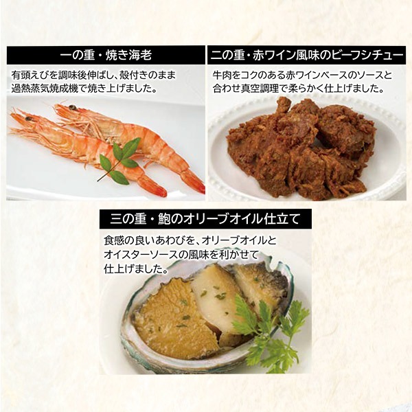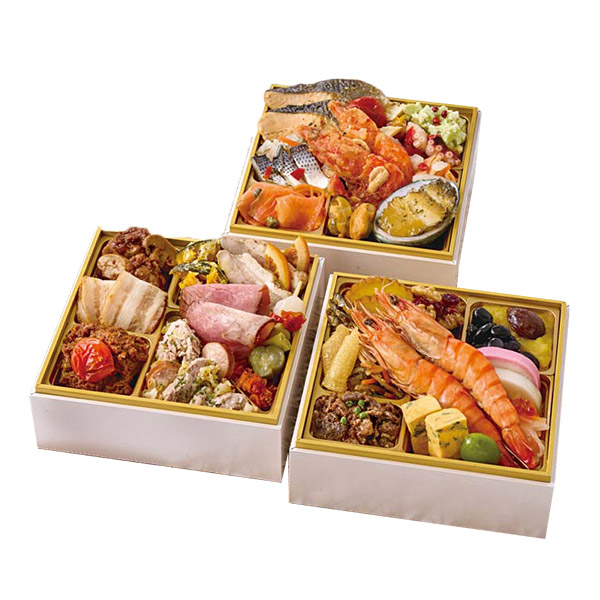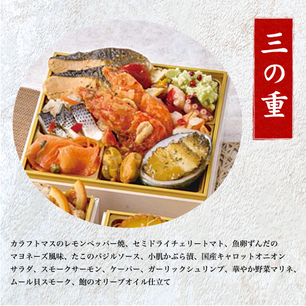三の重は、海鮮をテーマにした海の幸おせちが楽しめる三段おせちです。
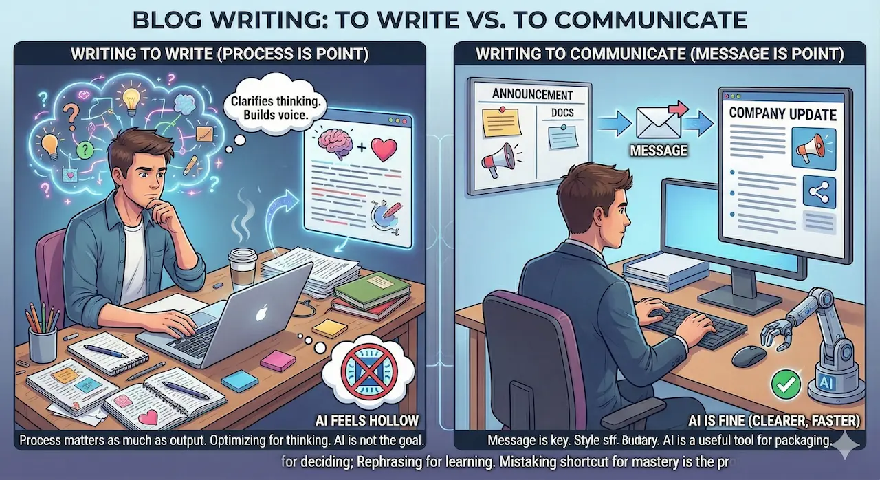 There are two very different reasons people write blog posts, and confusing them leads to bad takes about AI-generated content.
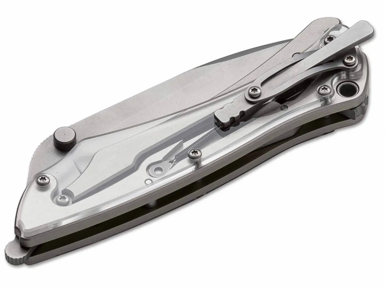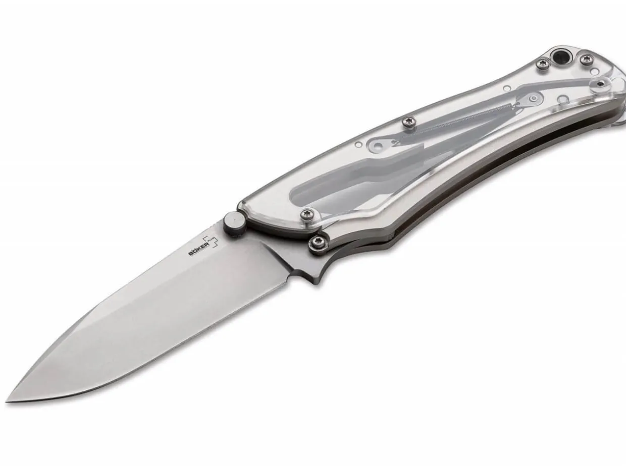 The Boker Plus Griploc Is One More Stroke Of Genius From Grant & Gavin Hawk, Father And Son Custom Knifemakers. This Elegant Pocket Knife Offers An Intelligent Handle Design, Consisting Of Several Parts, Which Holds The Blade Open As Long As You Hold The Knife In Your Hand. Just Release The Pressure On The Handle, And You Can Easily Close The Blade. Additionally, The Open Blade Can Be Permanently Secured By A Safety Slider Located At The End Of The Handle. The Elaborate Layout And Design Of The Lever Arm Mechanism Allows The Unique Handling And Is The Masterpiece Of This Construction. The Aus-8 Stainless Steel Blade Is Opened With The Flipper. This Unique New “Clear” Version Of The Original Griploc Was Originally Produced In A Very Small Quantity For Our Sales Force. But The Interest Was Overwhelming – Customers Were Thoroughly Intrigued By The Design Mechanics Showing How The Griploc Actually Performs. Not Only Can You Own A Working Knife, Now You Can Own A True Conversation Piece! Includes Pocket Clip.
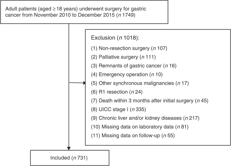 A total of 1749 consecutive patients undergoing operations for pathologically confirmed gastric adenocarcinoma between November 2010 and December 2015 in our hospital were reviewed. Exclusion criteria and the flow chart of the study are shown in Fig. 1. Chronic liver disease was diagnosed in patients with chronic viral hepatitis or cirrhosis, and kidney disease was delimited by an estimated glomerular filtration rate <60 ml/min per 1·73 m2 ( Reference Sakurai, Tamura and Toyokawa 21 ). The present study was conducted according to the guidelines laid down in the Declaration of Helsinki, and was approved by the ethics committee of the Affiliated Cancer Hospital of Xiangya School of Medicine, Central South University. Written informed consents were obtained from all participants.
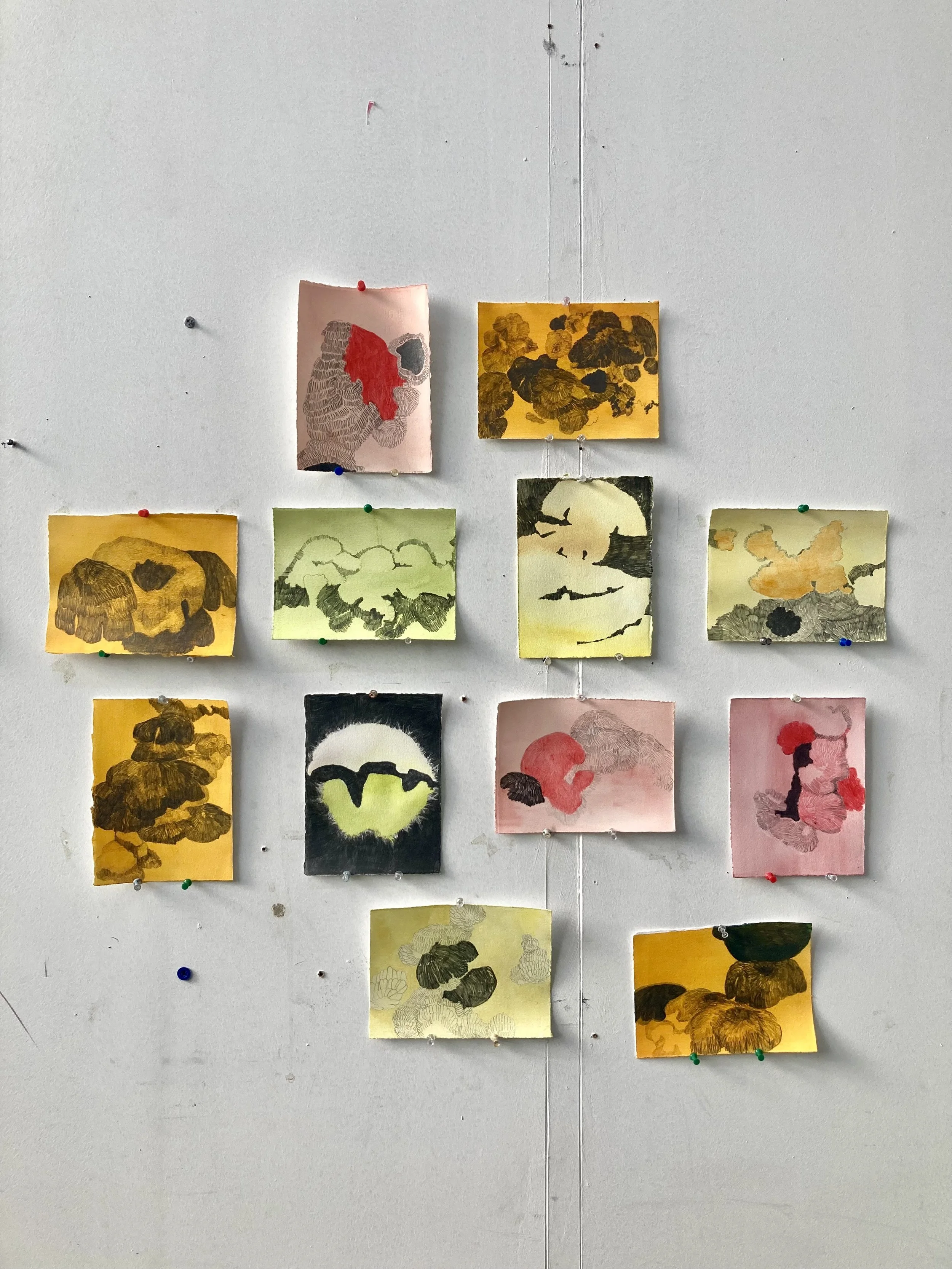 Lick Drawings, made in Cornwall at the same time as making the sculpture Lick - a commission for the exhibition Second Nature at Tremenheere Sculpture Gardens, 2024
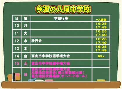 14日(金)から富山市中学校選手権大会が行われます。県大会や北信越大会につながる大会です。運動部の皆さん、頑張ってきてください。
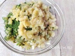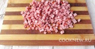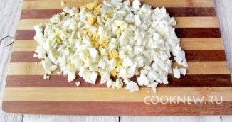 Остывшие отваренные яйца очищаем от скорлупы, нарезаем кубиками

● ● ● ● ●

# Required work
Every line from the start of the material through the line holding "The Boker Plus" must be returned exactly, and the pictures must not.

# Written answer
三の重は、海鮮をテーマにした海の幸おせちが楽しめる三段おせちです。
 There are two very different reasons people write blog posts, and confusing them leads to bad takes about AI-generated content.
 The Boker Plus Griploc Is One More Stroke Of Genius From Grant & Gavin Hawk, Father And Son Custom Knifemakers. This Elegant Pocket Knife Offers An Intelligent Handle Design, Consisting Of Several Parts, Which Holds The Blade Open As Long As You Hold The Knife In Your Hand. Just Release The Pressure On The Handle, And You Can Easily Close The Blade. Additionally, The Open Blade Can Be Permanently Secured By A Safety Slider Located At The End Of The Handle. The Elaborate Layout And Design Of The Lever Arm Mechanism Allows The Unique Handling And Is The Masterpiece Of This Construction. The Aus-8 Stainless Steel Blade Is Opened With The Flipper. This Unique New “Clear” Version Of The Original Griploc Was Originally Produced In A Very Small Quantity For Our Sales Force. But The Interest Was Overwhelming – Customers Were Thoroughly Intrigued By The Design Mechanics Showing How The Griploc Actually Performs. Not Only Can You Own A Working Knife, Now You Can Own A True Conversation Piece! Includes Pocket Clip.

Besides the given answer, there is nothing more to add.